Midway through that first semester I lost my virginity to a girl called, strangely enough, Tabitha; I can’t remember much about her except that her breasts were too big and the wrong shape, not being Jus’s, and that she knew more about Sean Connery than anyone else I’ve ever known, discussing his movie career with greater and greater intensity and louder and louder up to and through orgasm—a detail that had Jus, when first told about it, pummelling the floor in gleeful laughter. Over the space of a couple of months I must have slept with Tabitha a dozen times or more, because I could, until I discovered that she was extending the same privilege to several of the other guys, including a chemistry professor, and I began to worry about disease. Jus followed the liaison—it could hardly be called an affair—with fascination; it was the Jusjohn organism’s first experience of physically “going the whole way”, and thus obviously of potent interest to both of us. The Jusjohn organism might not have been so emotionally equable about it all if Tabitha had been more than an educational aid and receptacle, of course.

As I learned when Jus started dating and eventually sleeping with Martin.

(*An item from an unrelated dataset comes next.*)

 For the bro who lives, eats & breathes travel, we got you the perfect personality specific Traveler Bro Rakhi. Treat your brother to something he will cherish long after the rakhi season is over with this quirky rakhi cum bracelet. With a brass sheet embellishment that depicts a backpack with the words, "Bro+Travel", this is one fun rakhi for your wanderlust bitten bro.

This wasn’t a matter of double standards—the “it’s OK for the guy to screw around, but heaven help the girl who does the same” principle. Jus seriously liked Martin. She didn’t talk about their lovemaking when she came back to the apartment, to me, didn’t tell me everything they’d done. The two of them spent a lot more time talking or going around together—all the activities that I regarded as my prerogative, in other words—than they did grappling. And, worse, I could quite understand why she liked him. As I sat at home alone in our apartment nursing a bottle of whatever was on special offer that week at the liquor store I tried to find something— anything —about Martin that I could legitimately detest, and I always failed. I mean, I liked the guy as well.

Despite being liked by both parts of the Jusjohn being—“in their different ways,” as I fastidiously put it to Jus one time—Martin was a casualty of our first long vacation from Rembrandt. I spent much of that vacation reconciling myself to the notion that, although Jus was the other half of me, we didn’t own each other exclusively, that what she did with her body was irrelevant to the fact that we two were one, indivisible, our essences united, that even if she married this guy Martin he would always be an irrelevance in the light of… you can fill in all the other rationalizations yourself. Sometimes I voiced them to Jus; sometimes she agreed; sometimes she kept quiet.

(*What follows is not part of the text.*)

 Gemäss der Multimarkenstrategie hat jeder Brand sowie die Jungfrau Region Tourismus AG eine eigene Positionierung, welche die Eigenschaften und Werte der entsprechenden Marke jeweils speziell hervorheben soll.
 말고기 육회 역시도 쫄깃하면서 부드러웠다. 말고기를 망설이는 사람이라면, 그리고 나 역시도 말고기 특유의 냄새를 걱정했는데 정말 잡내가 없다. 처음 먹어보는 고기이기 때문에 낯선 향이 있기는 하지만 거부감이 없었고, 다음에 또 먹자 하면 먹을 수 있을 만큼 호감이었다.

It was almost an anticlimax to get back to college and discover that, during his weeks away from Jus, Martin had found “somebody else,” which “somebody else” he was going to marry.

When I first heard about it, Jus had to restrain me from stomping round to his place to bawl him out for his treachery.

She got over it quicker than I did, because Richard came along. He lasted nearly six months, until he suggested it could be more fun if he invited a friend to join in. (Jus wasn’t against the idea in principle, as she explained to me, but she was deeply offended by the presumption.) I had a nostalgic weekend with Tabitha—to hell with worries about infection—and then, later on, another; her field of expertise had shifted to Keanu Reeves, and I couldn’t help feeling she was on a potentially fatal slide. Who next? Adam Sandler?